RAGIONI DELLA DECISIONE

1. – I motivi del ricorso principale possono riassumersi come segue.

1.1. – Primo motivo: violazione o falsa applicazione di norme, indicate, in rubrica, nella Deliberazione CICR 29 marzo 1994 e nella circolare della Banca d’Italia 11 febbraio 1991, n. 139. Osserva la ricorrente che nell’ambito della valutazione da compiersi in vista della appostazione a sofferenza non rileva il fatto che il credito sia assistito o meno da garanzie patrimoniali: è necessario infatti analizzare il profilo finanziario del debitore verificando la capacità dello stesso di far fronte alle proprie obbligazioni senza l’intervento coattivo della banca; lo scrutinio non deve invece riguardare il profilo patrimoniale, che assume rilievo, all’occorrenza, in un successivo momento, allorquando si sia preso atto che non si debba attendere l’adempimento spontaneo dell’obbligazione ma agire in via esecutiva.

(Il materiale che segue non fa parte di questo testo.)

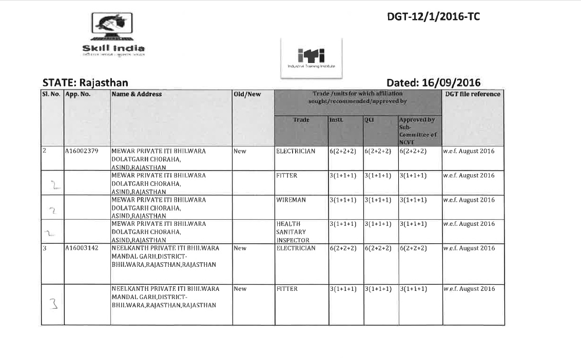 MEWAR PVT ITI, ASIND, BHILWARA
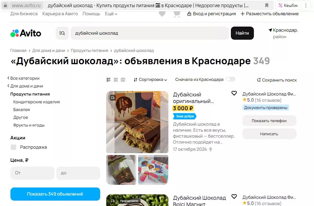 Дубайский шоколад в Краснодаре: где купить оригинальную и недорогую версии вирусной сладости
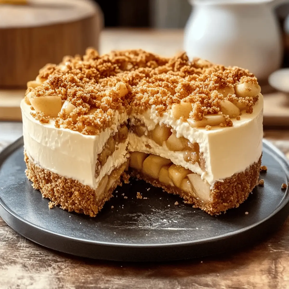 Experience the ultimate comfort with this Apple Crumble Cheesecake, blending creamy cheesecake, sweet apples, and a crunchy crumble.
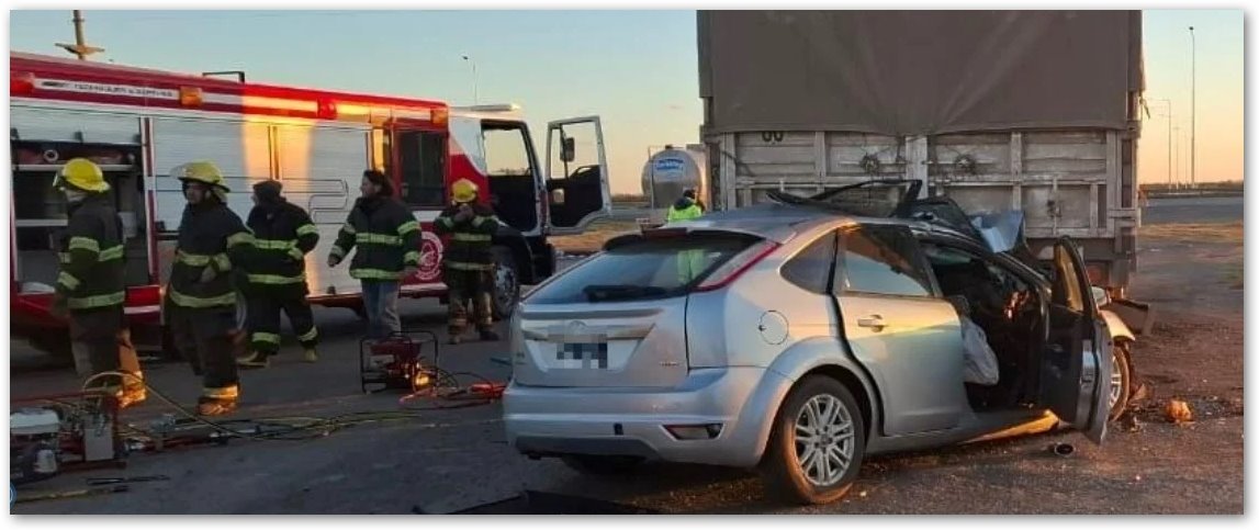 Eran alrededor de las 7.15 cuando un estruendo seco quebró la quietud. Según los primeros indicios, un Ford Focus que se desplazaba de sur a norte por Ruta 10 no habría disminuido la velocidad al ingresar a la rotonda. En una secuencia que duró apenas segundos, el vehículo atravesó la intersección y embistió con violencia a un camión Volkswagen con acoplado que estaba detenido sobre el cantero central.
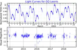 In 2001, the star was reported to show low-amplitude photometric variations with a period of 4.45 days. It was suspected that the star was a BY Draconis variable due to the period paired with the X-ray and EUV emissions.[11] This was confirmed in 2004 in a paper which also newly classified HD 77191 and V573 Puppis as BY Dra variables.[14] The star received its variable-star designation GQ Leonis in 2003.[17]
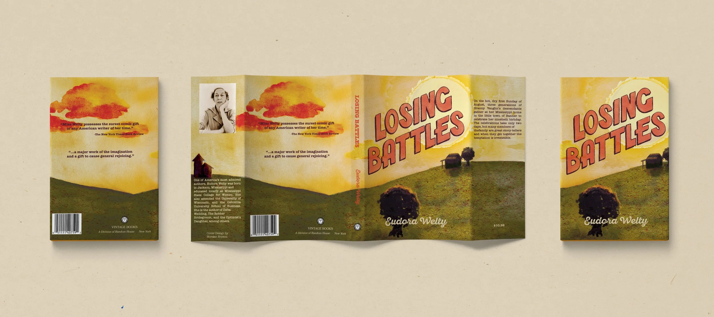 This was a cover redesign for Losing Battles by Eudora Welty. It’s set on a struggling farm in hill country Mississippi in the 1930s. A large family reunion is taking place and they all sit around swapping stories.

1.2. – Secondo motivo: omesso esame di un fatto decisivo per il giudizio e correlato vizio di motivazione. L’istante rileva che, come riconosciuto dal giudice di appello, il fondo patrimoniale era stato costituito l’11 novembre 1996: vi era stato quindi un lasso di tempo di oltre due anni in cui la banca aveva continuato a fare credito consentendo l’utilizzo degli affidamenti in essere nonostante l’esistenza del nominato fondo patrimoniale. Viene spiegato che, dal punto di vista della appostazione o meno a sofferenza, la circostanza indicata risultava essere del tutto indifferente e che sotto tale profilo la motivazione della sentenza impugnata era illogica.

1.3. – Terzo motivo: violazione o falsa applicazione di norme di diritto, con richiamo alla Delib. CICR 29 marzo 1994 e alla circolare della Banca d’Italia 11 febbraio 1991, n. 139; omesso esame di un fatto decisivo per il giudizio e correlato vizio di motivazione. La censura investe un passaggio della sentenza impugnata in cui la Corte di merito ha evidenziato come la costituzione del fondo patrimoniale aveva indotto altro istituto di credito a negare la concessione di un finanziamento. Tale rilievo è, secondo la ricorrente, totalmente irrilevante ai fini del giudizio cui era chiamato il giudice del gravame: giudizio che doveva prendere in considerazione la sola capacità finanziaria di essa istante.

1.4. – Quarto motivo: violazione o falsa applicazione di norme di diritto, sempre identificati nella Delib. CICR 29 marzo 1994 e nella circolare della Banca d’Italia 11 febbraio 1991, n. 139; omesso esame di un fatto decisivo per il giudizio e correlato vizio di motivazione. Secondo la ricorrente, la Corte distrettuale avrebbe omesso di considerare che il Banco di Sardegna, in una propria corrispondenza, aveva espressamente affermato di aver proceduto all’appostazione a sofferenza solo a causa del proprio ritardo nella corresponsione delle somme dovute (quale obbligata principale, per l’apertura di credito, e garante del marito, per il conto corrente). Un’affermazione in tal senso – è aggiunto – risultava essere stata poi formulata dal Banco di Sardegna nella comparsa di risposta depositata in primo grado.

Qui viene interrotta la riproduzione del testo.